第4話 俺、今日から魔法使いになる

「現代人は、文字だけのやり取りをする者を友達といい、本当は一人ぼっち。」

 渋谷神は、現代人の無機質な人間関係を嘆く。

「そう言われてみれば、学校の休憩時間は、みんなスマホばかりいじって、誰とも話をしていないような。」

 望は、自分の休憩時間の教室を思い出す。休憩時間に大声を出して教室を走り回っているのは、望と希の二人だけである。

「人と人とのコミュニケーションが無くなり、スマホばかり見て、スマホに生命エネルギーを吸い取られ、人の心を無くして、喜ぶも悲しみも、愛すら知らずに、夢も希望も無くして、人間が化け物に変わっているのです。」

 渋谷神は、話が終わると地上を指さす。 

「あんな風にね。」

 人間界では、スマホに魂を奪われた人間が、さまよえる渋谷人レベル1に変化していく。そして、他の人間たちに襲い掛かるのだった。

「希!?」

 その中に、希がいた。望も事件に巻き込まれていた。

「あの黒い人型の影はなんだ!?」

「あれはスマホに生命エネルギーを奪われてしまった人間の生れの果てです。」

「あの化け物が、人間だというのか!?」

「そうです。」

 黒い人型の影、さまよえる渋谷人レベル1は、元々は人間だった。

「望、このままでは人間はスマホに支配されてしまいます。どうか人間をスマホから救ってください。」

 渋谷神の願いは、人間をスマホの魔の手から救うことだった。

「神様! 希を助けてください! 希を助けるためなら、俺、何でもやります! 何か希を助ける方法はないんですか!?」

「ありますよ。あなた、魔法使いやりませんか?」

「ま、魔法使い!?」

「そうです。魔法使いです。あなた、何でもやるって言いましたよね。」

「で、でも!? 俺、魔法なんか使えませんよ!?」

「いいえ、あなたは既に魔法を使っています。」

「ええ!?」

「ファイアも魔法、サンダーも魔法です。
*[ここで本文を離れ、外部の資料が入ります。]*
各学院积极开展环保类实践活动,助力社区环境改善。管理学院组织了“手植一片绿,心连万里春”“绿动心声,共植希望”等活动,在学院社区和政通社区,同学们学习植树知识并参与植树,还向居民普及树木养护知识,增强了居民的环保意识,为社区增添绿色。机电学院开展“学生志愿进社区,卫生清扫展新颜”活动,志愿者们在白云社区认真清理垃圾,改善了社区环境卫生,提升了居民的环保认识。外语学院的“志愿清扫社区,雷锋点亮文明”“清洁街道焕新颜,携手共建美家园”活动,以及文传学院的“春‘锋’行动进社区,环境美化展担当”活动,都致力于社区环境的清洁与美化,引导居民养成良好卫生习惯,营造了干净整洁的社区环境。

」

「いえいえ!? それはゲームの話でしょう!?」

「知らなかったんですか? 英語は魔法の呪文なんですよ。」

「なんですと!?」

 望は、神様に言われるまで、英語が魔法だったなんて、考えたこともなかった。

「む、無理です!? 俺、英語は苦手だし!?」

 望の成績は決して良くはない。

「大丈夫ですよ。神である私がサポートします。衣装もサービスしてあげましょう。チェンジ・オブ・クローズ。えい!」

 望の服装が、魔法使いの制服の様な服に変わる。

「おお!? まるで魔法使いっぽく見える!?」

 望は、自分の衣装が魔法使いの正装のようになったので驚いている。

「人間をスマホから救いに行ってらっしゃいませ。瞬間移動魔法、テレポーテーション。」

 神様は、魔法を唱えた。

「そんなアホな!? うわあー!?」

 望の姿は天界から消えた。

 つづく。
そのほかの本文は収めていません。